Multiple storage client aggregation

Aggregation modes

When combining data from multiple storage client sources into one entity, three use cases are possible:

  1. each data source adds properties to the entities of the previous source(s), either because the entity data from both sources share the same identifier or the value of a specified field of the new data source entity matches the value of a specified field from the previous sources (ie. "join").

  2. each data source brings its own set of entities. Therefore, entity identifiers should all differ from one data source to another. If it is not the case, data source entity identifiers could be prefixed by xnttmulti using a "virtual group prefix" on a data source-basis making each identifier unique (ie. source A as an entity with id '001', source B as a different entity that also uses the id '001'; xnttmulti can virtually prefix A ids with 'A' and B ids with 'B' which would lead to 2 distinct identifiers: 'A001' and 'B001' which clearly identifies each source).

  3. a mix of the 2 previous cases.

This module offers different approaches to deal with those 3 cases but with some restrictions. Those restrictions are here to solve some technical aspects:

  • being able to efficiently count and filter external entities without needing to query all the data from all the sources and process all of them each time.
  • being able to clearly identify the corresponding element in each data source given an identifier without any ambiguity.

For the first case, this module assumes the first data source holds ALL the entity identifiers and can be used for paging management.
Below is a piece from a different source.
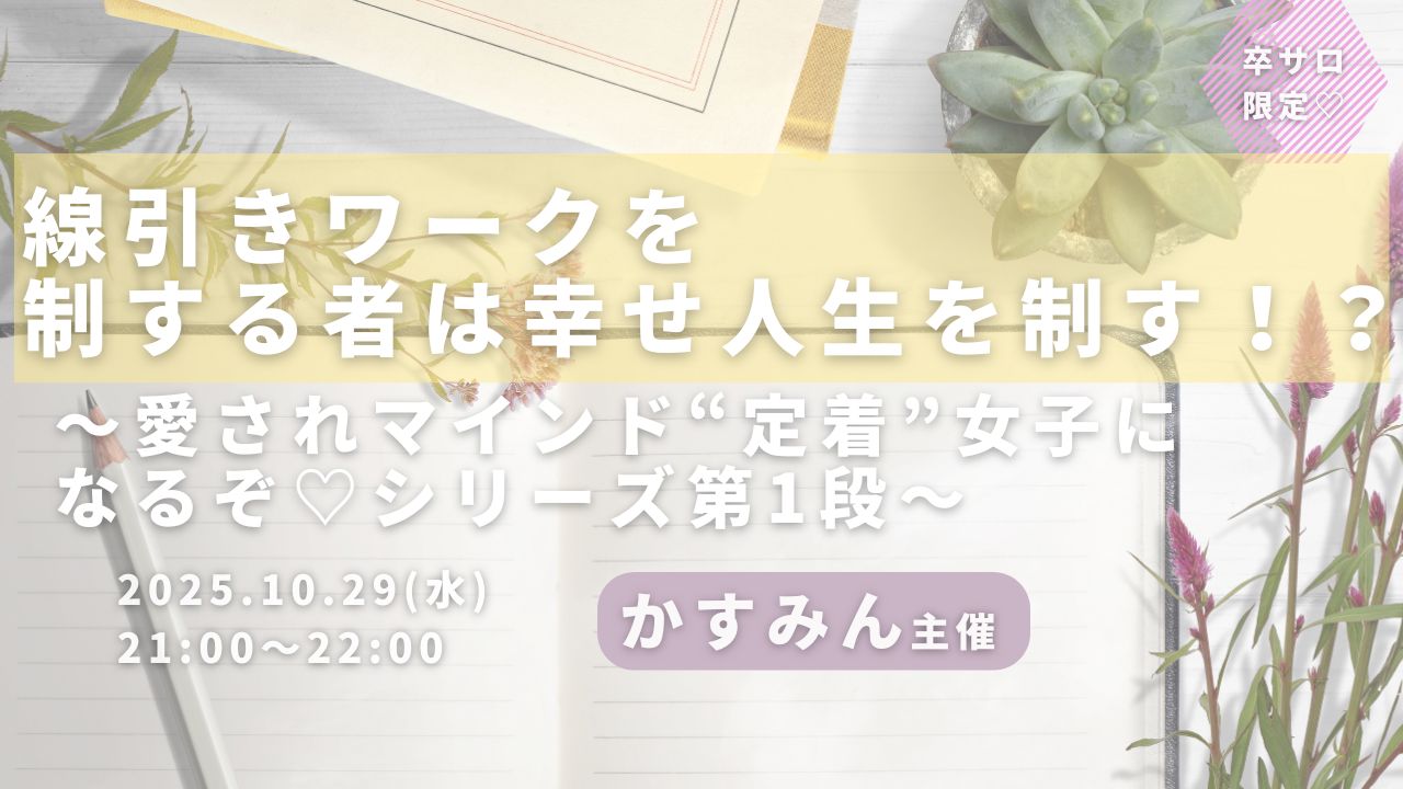 ワークショップ線引きワークを制する者は幸せ人生を制す!? ~愛されマインド”定着“女子になるぞ♡シリーズ第1段~ uenoriekostaff 2025年10月29日 ・本サイトはサロン会員の方のみお楽しみいただけます ・卒サロ生はメニューよりログインしてください ・新規ご入会希望の方は事務局までお問い合わせください。LLA卒業生の方のみご入会可能です。 →お問い合わせはこちら かすみん

If an identifier is not present in the first data source but in one (or more) of the next data sources, the corresponding entity will be discarded. For filters, only reference sources are used (at the moment).
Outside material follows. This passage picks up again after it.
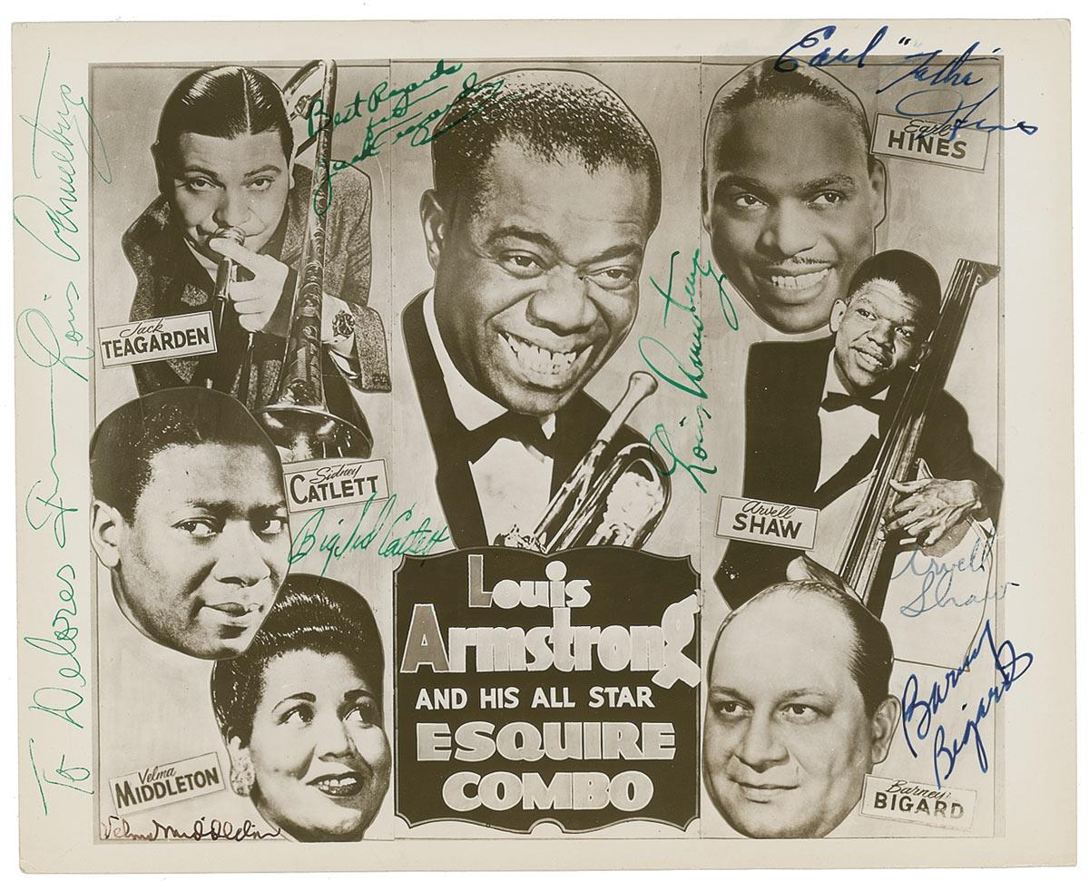Vintage glossy 10 x 8 photo of a poster for Louis Armstrong and His All Star Esquire Combo, signed and inscribed vertically in the left border in green fountain pen “To Delores from Louis Armstrong.” Also signed again in green fountain pen by Armstrong next to his image. The remaining members of his group have signed near their images in various color fountain pen: Earl ‘Fatha’ Hines, Jack Teagarden, Big Sid Catlett, Velma Middleton, Barney Bigard, and Arvell Shaw. In fine condition, with a few scattered edge marks and creases, and some light vertical curling. A boldly signed example of one of Armstrong’s classic line-ups.

For the second and third cases, a "group prefix" must be provided to every set of data in order to discriminate data source according to the given identifiers. For instance, if we have 2 data sources A and B, we need to know that the identifier '001' corresponds to an entity stored in A or B. Therefore, either one of the 2 sources uses a prefix like '0' (or '00') and can be clearly identified (which might be necessary when creating a new entity instance to avoid duplicating it in the 2 sources) or the sources have been assigned a virtual group prefix that will not be stored (nor known by the data sources) but only used by xnttmulti to discriminate between sources. We call it a "group prefix" because a same prefix could be used by multiple data sources in order to aggregate them together like in the first use case.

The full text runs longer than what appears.